[Start of Attachment]

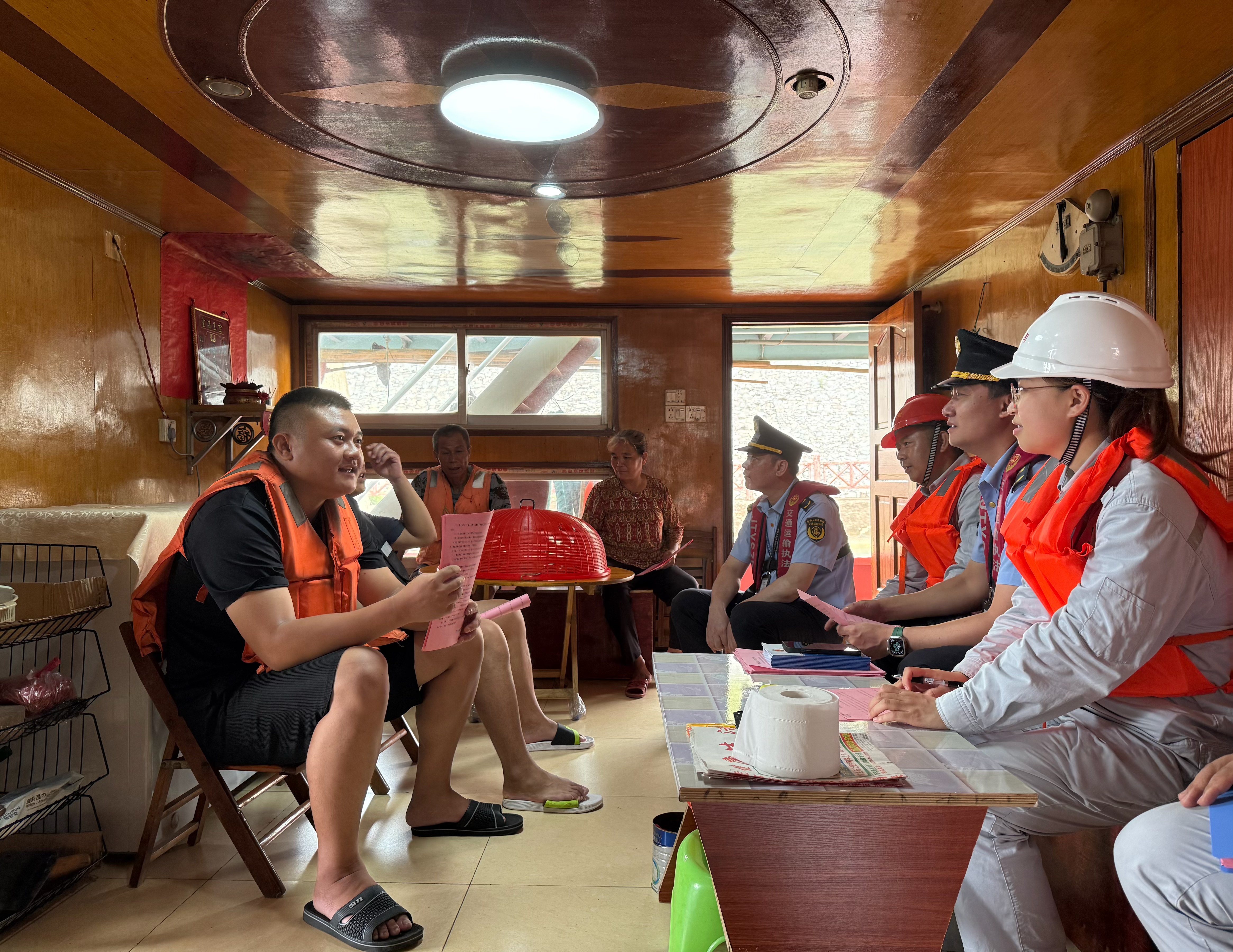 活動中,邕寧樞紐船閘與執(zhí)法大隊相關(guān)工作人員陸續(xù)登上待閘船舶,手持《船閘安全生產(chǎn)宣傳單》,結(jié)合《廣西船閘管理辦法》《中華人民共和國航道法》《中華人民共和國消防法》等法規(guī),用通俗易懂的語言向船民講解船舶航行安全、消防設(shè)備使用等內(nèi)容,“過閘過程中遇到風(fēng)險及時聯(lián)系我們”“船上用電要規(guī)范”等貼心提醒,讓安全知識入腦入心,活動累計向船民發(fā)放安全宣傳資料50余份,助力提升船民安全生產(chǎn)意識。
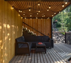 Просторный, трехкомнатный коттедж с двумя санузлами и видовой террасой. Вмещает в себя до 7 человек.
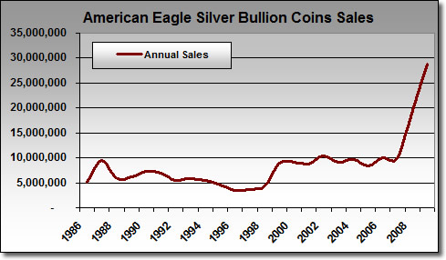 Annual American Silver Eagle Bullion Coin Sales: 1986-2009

[End of Attachment]

**ASSIGNED TASK:**
Say again, word for word, the lines beginning at the top of the data and ending with the line that has "Просторный, трехкомнатный коттедж". Skip the pictures.

**RESPONSE AREA:**
 活動中,邕寧樞紐船閘與執(zhí)法大隊相關(guān)工作人員陸續(xù)登上待閘船舶,手持《船閘安全生產(chǎn)宣傳單》,結(jié)合《廣西船閘管理辦法》《中華人民共和國航道法》《中華人民共和國消防法》等法規(guī),用通俗易懂的語言向船民講解船舶航行安全、消防設(shè)備使用等內(nèi)容,“過閘過程中遇到風(fēng)險及時聯(lián)系我們”“船上用電要規(guī)范”等貼心提醒,讓安全知識入腦入心,活動累計向船民發(fā)放安全宣傳資料50余份,助力提升船民安全生產(chǎn)意識。
 Просторный, трехкомнатный коттедж с двумя санузлами и видовой террасой. Вмещает в себя до 7 человек.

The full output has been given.